Wad Madani — The Director of the Agricultural Department of the El Gezira Agricultural Scheme, Ibrahim Mustafa, has accused Sudan's Agricultural Bank of obstructing the arrival of fertilisers granted by the African Development Bank to the farmers in the region.
The granted seeds and fertilisers are enough to cultivate 45,000 feddans, he explained to Radio Dabanga.
The African Development Bank stipulated these inputs be distributed free of charge to the farmers by the scheme's management, Mustafa said. "The seeds have been received but the fertilisers not."
He said that the African Development Bank implemented the grant through the World Food Programme and entrusted the purchase of fertilisers to the Agricultural Bank, not through the El Gezira Agricultural Scheme's own management.
The Agricultural Bank now refuses to hand the fertilisers to the scheme's management and instead demands the payment of SDG265 million first, which is the cost of transporting the fertilisers from Port Sudan plus administrative fees.
"Under the current circumstances, we do not have this amount," Mustafa said. "The Agricultural Bank rejected the scheme's management proposal to accept a check for in a month's time, so that we can receive the fertilisers, distribute them, and at the same time collect the transportation costs from the farmers."
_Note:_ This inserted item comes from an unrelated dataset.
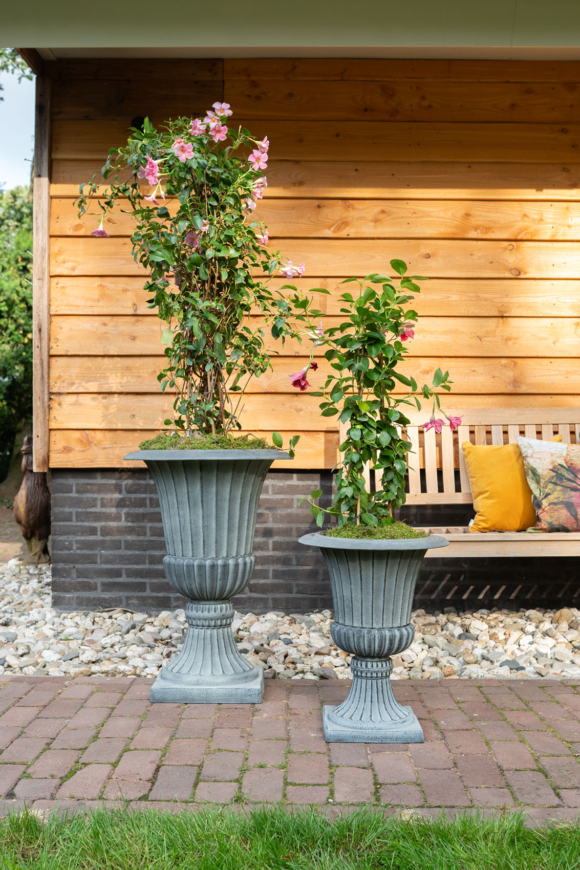 Nezaměnitelný styl Louvre s klasickým designem nyní v moderním materiálu. Vyrobeno z recyklovaného plastu a samotný produkt je plně recyklovatelný. Venkovní vázy a pítka jsou pevná a lehká, odolná povětrnostním podmínkám.

He stressed that the support provided by the African Development Bank to the El Gezira Agricultural Scheme is equivalent to 52 per cent of the support provided to farms in the entire country.
It is significant, and that support is needed. Without fertilisers, farmers cannot cultivate their crops and the harvest might fail. The farmlands of the El Gezira Agricultural Scheme were of immense economic importance to Sudan in the past and still are.
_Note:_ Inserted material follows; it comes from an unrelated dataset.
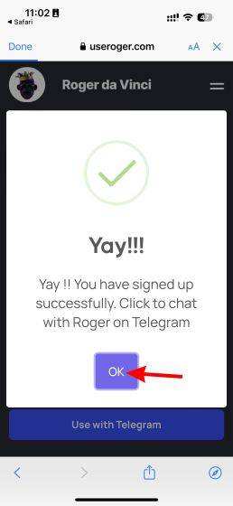 4. 一旦完成,你会收到一条确认信息,说明你的访问权限已被授予。只需点击 “OK“,即可回到Telegram,开始使用ChatGPT。

"The El Gezira Scheme now lacks the capacity to even begin its cultivation process, while in the past it was achieving self-sufficiency for Sudan by the export of seeds and cotton, bringing in hard currency to the country's treasury," he stated.
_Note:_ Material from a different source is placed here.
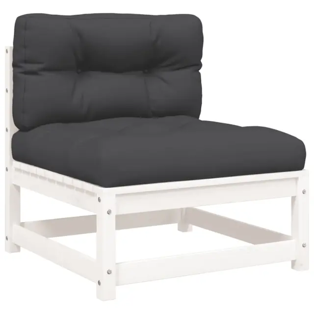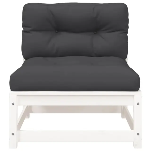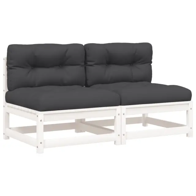 Vrtni kavč - Zunanji kavči brez naslonjal z blazinami 2 kosa bela borovina

Two months ago, farmers and livestock owners involved in the El Gezira Agricultural Scheme discussed unionising to defend their interests and address economic liberalisation of land ownership. Seven years ago, the Farmers Union was disbanded by the Al Bashir regime in Sudan.
Remnants of the former regime have been accused of sabotaging the irrigation scheme and of mismanagement, corruption, embezzlement, and looting of the scheme's resources. In late 2014, dictator Omar Al Bashir described the scheme as "a burden on the country's budget" and worked to transfer land ownership to the private sector and foreign investors and disbanded the Farmers Union.